Of course, as with most aggregation or social sites, there’s a network effect: how useful this site ends up being depends on factors such as how many people make active use of it, how much data is uploaded to it and what the quality of the data is.
If one day it grew to the point was the default place to look for public data, without becoming a nightmare to find those snippets of data gold in amongst its prospectively huge collection, it would potentially be an incredibly useful service.
The “nightmare to find” aspect is not a trivial point – there are already several open data portals (for instance government based ones) which offer a whole load of nice datasets, but often it is hard to find the exact content of data at the granularity that you’re after even when you know it exists – and these are on sites that are often quite domain-limited which in some ways makes the job easier. At data.world there is already a global search (which includes the ability to search specifically on recency, table name or field name if you wish), tags and curated collections which I think shows the site takes the issue seriously.
For analyst confidence, some way of understanding data quality would also be useful. The previews of field types and contents are already useful here. Social features, to try and surface a concept similar to “institutional knowledge”, might also be overlaid. There’s already a basic “like” facility. Of course this can be a challenging issue for any data catalogue that, almost by definition, needs to offer upload access to all.
For browser-haters, it isn’t necessary to use the site directly in order to make use of its contents.
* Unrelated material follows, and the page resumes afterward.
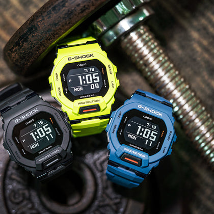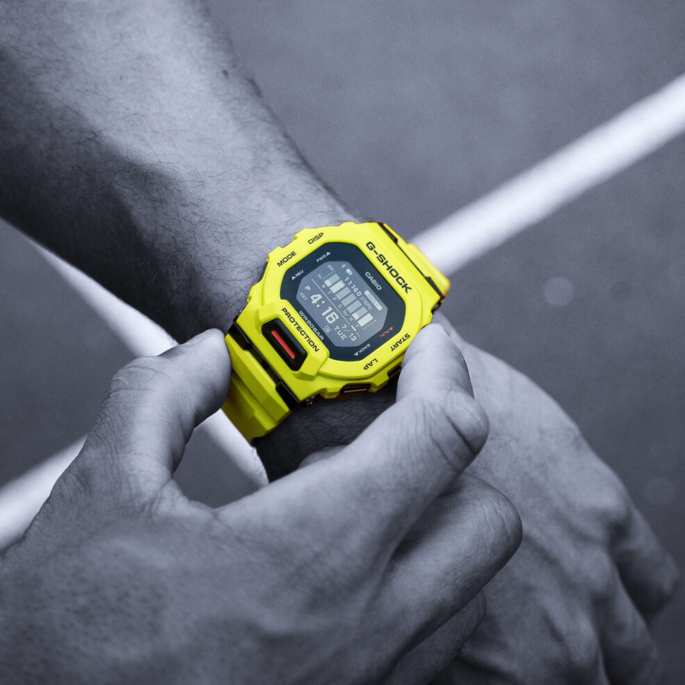The iconic square form of the very first G-SHOCK, now with an accelerometer, distance measurement and Smartphone Linkfunctionality. More than ready for running and other sporting pursuits, these watches integrate toughness-driven design with sportstechnology. Think of it as essential training gear to complement your active lifestyle.

There’s already an API which gives you the ability to programmatically upload, query and download data. This opens up some interesting future possibilities. Perhaps, if data.world does indeed become a top place to look for the data of the world, your analytics software of choice might in future include a feature such that you can effectively search a global data catalogue from the comfort of your chart-making screen, with a 1-click import once you’ve found your goal. ETL / metadata tools could provide a easy way to publish to the results of your manipulations, and so on.
The site is only in preview mode at present, so it’s not something to stake your life on. But I really like the concept and the execution so far is way beyond some other efforts I’ve seen in the past. If I find I’ve created a public dataset I’d like to share, I would certainly feel happy to distribute it and all supporting documents and queries via this platform. So best of luck to data.world in the, let’s say,”ambitious” mission of bringing together the world’s freely available – yet often sadly undiscoverable – data in a way that encourages people to actually make valuable use of it.